Wednesday, January 2, 2013

Greetings from Pune, India!

You can feel India the moment you step off the plane onto the jetway, as the soothing heat soaks right through its seams. Finally you get out of the sterile airport and into the pick-up area. Even though it's 2 in the morning, the airport is as packed and lively as high noon, the air smells musky and wraps around you like a cloak, and the sensory overstimulation has just begun. You squeeze yourself into a crowded car for the final leg of the journey, from the Mumbai airport to your apartment in Pune, only 200 km, but it takes a full 4 hours for reasons that only make sense in India.

I arrived at my sweet apartment I am sharing with several other yoga practitioners at 6:30am, determined to stay awake all day so I can get a full night of sleep and get quickly over jetlag. Soon, we walked down the street to the Iyengar Institute to register and practice.

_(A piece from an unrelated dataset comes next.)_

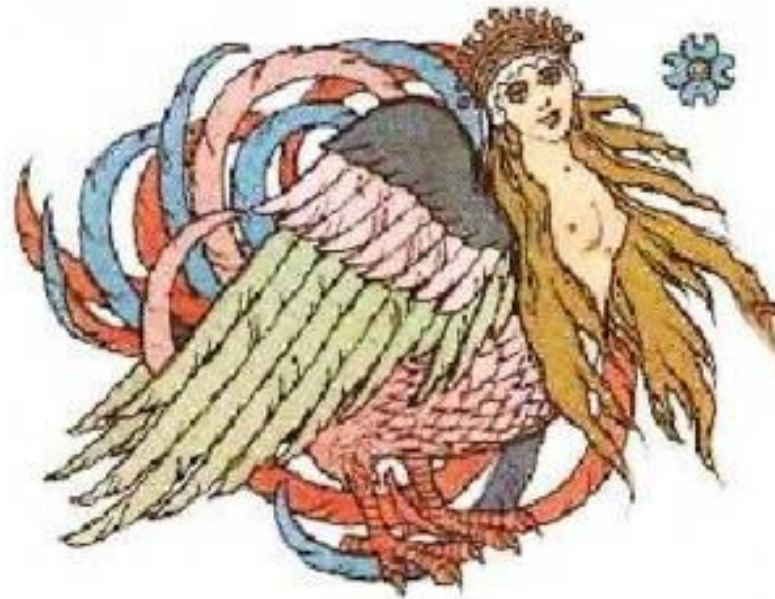
Иван Билибин «Алконост»

По сказанию 17 века Алконост пребывает близ рая и когда поет, то сама себя не ощущает. Алконост утешает своим пением святых, возвещая им будущую жизнь. Алконост несёт яйца на берегу моря и, погружая их в глубину моря, делает его спокойным на 7 дней. Пение Алконоста настолько прекрасно, что услышавший его забывает обо всём на свете.

BKS Iyengar, age 94 and regal, sat on a bench receiving arrivers with a generous grace. How do I describe the feeling of being in his presence? It's like driving down a road, turning a corner, and getting hit with a view of the ocean that takes your breath away: a sense of majesty, evoking a feeling of deep gratitude for having this opportunity.

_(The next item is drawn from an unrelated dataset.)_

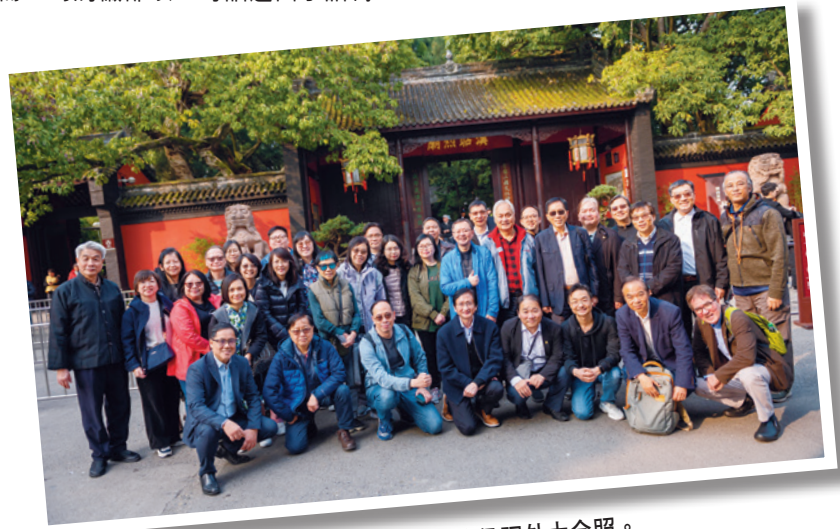
全團在武侯祠外大合照。

的確，縱使擁有曠世之才，若生不逢時，便成為人生的桎梏。在聖經中，有許多人物也有類似的經歷，例如摩西。他出生時正值以色列人受壓迫的艱難時期，本應被殺，卻因被埃及公主無意中的發現而得倖存，並且成長於皇宮之中，可說衣食無憂。後來，他因維護被苦待的以色列同胞，

This morning I enjoyed a delightful class with Devki Desai, who reminded us that just as we feel refreshed and ennobled when we enter a place of worship, or, I would add, a beautiful place in nature, we can experience that in asana. BKS Iyengar says "Alignment for Enlightenment," meaning that the purpose of all this attention to physical detail is to bring us to a state of clarity and luminescence. Devki asked us to make our legs not only intelligent, but wise. We spent a good half hour in Upavista Konasana, with respites in Baddha Konasana, before moving on to standing poses. Devki pointed out that Trikonasana can be a shrine for us, a place of ennoblement. Just as a walk along Lake Michigan can inspire and refresh us, so can an asana.

Let us create wisdom in our limbs, our organs, our nervous system, our digestion, and throughout our bodies. Let us make our bodies worthy of grace.